_EXERCISE OBJECTIVE_
Give back all of the records, exactly and completely.

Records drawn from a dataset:
►

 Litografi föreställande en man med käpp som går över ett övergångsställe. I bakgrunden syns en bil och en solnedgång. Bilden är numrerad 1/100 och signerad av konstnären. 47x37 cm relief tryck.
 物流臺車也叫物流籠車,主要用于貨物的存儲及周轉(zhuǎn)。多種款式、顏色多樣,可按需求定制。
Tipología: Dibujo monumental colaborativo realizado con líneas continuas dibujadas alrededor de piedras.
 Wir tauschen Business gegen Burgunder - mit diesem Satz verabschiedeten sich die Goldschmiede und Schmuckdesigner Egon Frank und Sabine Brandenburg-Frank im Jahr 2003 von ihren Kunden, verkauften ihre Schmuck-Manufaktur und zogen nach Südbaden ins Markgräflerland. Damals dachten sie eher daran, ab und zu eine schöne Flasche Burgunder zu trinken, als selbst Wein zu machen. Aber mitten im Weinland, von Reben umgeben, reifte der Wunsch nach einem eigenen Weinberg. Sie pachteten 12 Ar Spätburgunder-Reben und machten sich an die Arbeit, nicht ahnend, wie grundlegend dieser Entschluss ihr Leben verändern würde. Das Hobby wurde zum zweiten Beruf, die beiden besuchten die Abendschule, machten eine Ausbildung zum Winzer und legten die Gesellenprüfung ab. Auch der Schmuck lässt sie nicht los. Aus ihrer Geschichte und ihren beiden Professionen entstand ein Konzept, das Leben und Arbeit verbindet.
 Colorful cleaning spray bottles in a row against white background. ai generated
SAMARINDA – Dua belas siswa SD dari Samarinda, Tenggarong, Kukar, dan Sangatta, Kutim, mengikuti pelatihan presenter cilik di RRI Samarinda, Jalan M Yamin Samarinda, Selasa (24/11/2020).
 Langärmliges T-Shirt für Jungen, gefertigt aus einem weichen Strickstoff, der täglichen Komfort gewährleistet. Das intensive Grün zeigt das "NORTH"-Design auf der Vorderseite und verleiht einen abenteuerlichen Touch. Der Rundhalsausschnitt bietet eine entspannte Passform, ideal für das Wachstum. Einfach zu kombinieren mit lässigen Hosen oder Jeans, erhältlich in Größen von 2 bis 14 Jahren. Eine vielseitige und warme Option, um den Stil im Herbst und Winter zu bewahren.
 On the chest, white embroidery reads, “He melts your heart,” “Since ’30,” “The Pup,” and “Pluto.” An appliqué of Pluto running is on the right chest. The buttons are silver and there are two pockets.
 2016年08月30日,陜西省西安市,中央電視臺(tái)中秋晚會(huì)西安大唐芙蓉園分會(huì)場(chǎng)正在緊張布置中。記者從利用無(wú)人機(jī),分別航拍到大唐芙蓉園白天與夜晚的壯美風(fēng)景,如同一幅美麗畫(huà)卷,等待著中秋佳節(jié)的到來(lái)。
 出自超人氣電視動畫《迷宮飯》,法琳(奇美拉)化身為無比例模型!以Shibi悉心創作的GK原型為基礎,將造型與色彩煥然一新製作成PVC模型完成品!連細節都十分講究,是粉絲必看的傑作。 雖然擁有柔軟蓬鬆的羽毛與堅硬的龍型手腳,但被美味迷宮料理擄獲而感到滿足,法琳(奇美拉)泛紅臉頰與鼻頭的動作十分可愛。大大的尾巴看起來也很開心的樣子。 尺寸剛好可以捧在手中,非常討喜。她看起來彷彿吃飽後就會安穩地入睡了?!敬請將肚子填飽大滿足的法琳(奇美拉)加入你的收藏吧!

◄

_YOUR SOLUTION_
 Litografi föreställande en man med käpp som går över ett övergångsställe. I bakgrunden syns en bil och en solnedgång. Bilden är numrerad 1/100 och signerad av konstnären. 47x37 cm relief tryck.
 物流臺車也叫物流籠車,主要用于貨物的存儲及周轉(zhuǎn)。多種款式、顏色多樣,可按需求定制。
Tipología: Dibujo monumental colaborativo realizado con líneas continuas dibujadas alrededor de piedras.
 Wir tauschen Business gegen Burgunder - mit diesem Satz verabschiedeten sich die Goldschmiede und Schmuckdesigner Egon Frank und Sabine Brandenburg-Frank im Jahr 2003 von ihren Kunden, verkauften ihre Schmuck-Manufaktur und zogen nach Südbaden ins Markgräflerland. Damals dachten sie eher daran, ab und zu eine schöne Flasche Burgunder zu trinken, als selbst Wein zu machen. Aber mitten im Weinland, von Reben umgeben, reifte der Wunsch nach einem eigenen Weinberg. Sie pachteten 12 Ar Spätburgunder-Reben und machten sich an die Arbeit, nicht ahnend, wie grundlegend dieser Entschluss ihr Leben verändern würde. Das Hobby wurde zum zweiten Beruf, die beiden besuchten die Abendschule, machten eine Ausbildung zum Winzer und legten die Gesellenprüfung ab. Auch der Schmuck lässt sie nicht los. Aus ihrer Geschichte und ihren beiden Professionen entstand ein Konzept, das Leben und Arbeit verbindet.
 Colorful cleaning spray bottles in a row against white background. ai generated
SAMARINDA – Dua belas siswa SD dari Samarinda, Tenggarong, Kukar, dan Sangatta, Kutim, mengikuti pelatihan presenter cilik di RRI Samarinda, Jalan M Yamin Samarinda, Selasa (24/11/2020).
 Langärmliges T-Shirt für Jungen, gefertigt aus einem weichen Strickstoff, der täglichen Komfort gewährleistet. Das intensive Grün zeigt das "NORTH"-Design auf der Vorderseite und verleiht einen abenteuerlichen Touch. Der Rundhalsausschnitt bietet eine entspannte Passform, ideal für das Wachstum. Einfach zu kombinieren mit lässigen Hosen oder Jeans, erhältlich in Größen von 2 bis 14 Jahren. Eine vielseitige und warme Option, um den Stil im Herbst und Winter zu bewahren.
 On the chest, white embroidery reads, “He melts your heart,” “Since ’30,” “The Pup,” and “Pluto.” An appliqué of Pluto running is on the right chest. The buttons are silver and there are two pockets.
 2016年08月30日,陜西省西安市,中央電視臺(tái)中秋晚會(huì)西安大唐芙蓉園分會(huì)場(chǎng)正在緊張布置中。記者從利用無(wú)人機(jī),分別航拍到大唐芙蓉園白天與夜晚的壯美風(fēng)景,如同一幅美麗畫(huà)卷,等待著中秋佳節(jié)的到來(lái)。
 出自超人氣電視動畫《迷宮飯》,法琳(奇美拉)化身為無比例模型!以Shibi悉心創作的GK原型為基礎,將造型與色彩煥然一新製作成PVC模型完成品!連細節都十分講究,是粉絲必看的傑作。 雖然擁有柔軟蓬鬆的羽毛與堅硬的龍型手腳,但被美味迷宮料理擄獲而感到滿足,法琳(奇美拉)泛紅臉頰與鼻頭的動作十分可愛。大大的尾巴看起來也很開心的樣子。 尺寸剛好可以捧在手中,非常討喜。她看起來彷彿吃飽後就會安穩地入睡了?!敬請將肚子填飽大滿足的法琳(奇美拉)加入你的收藏吧!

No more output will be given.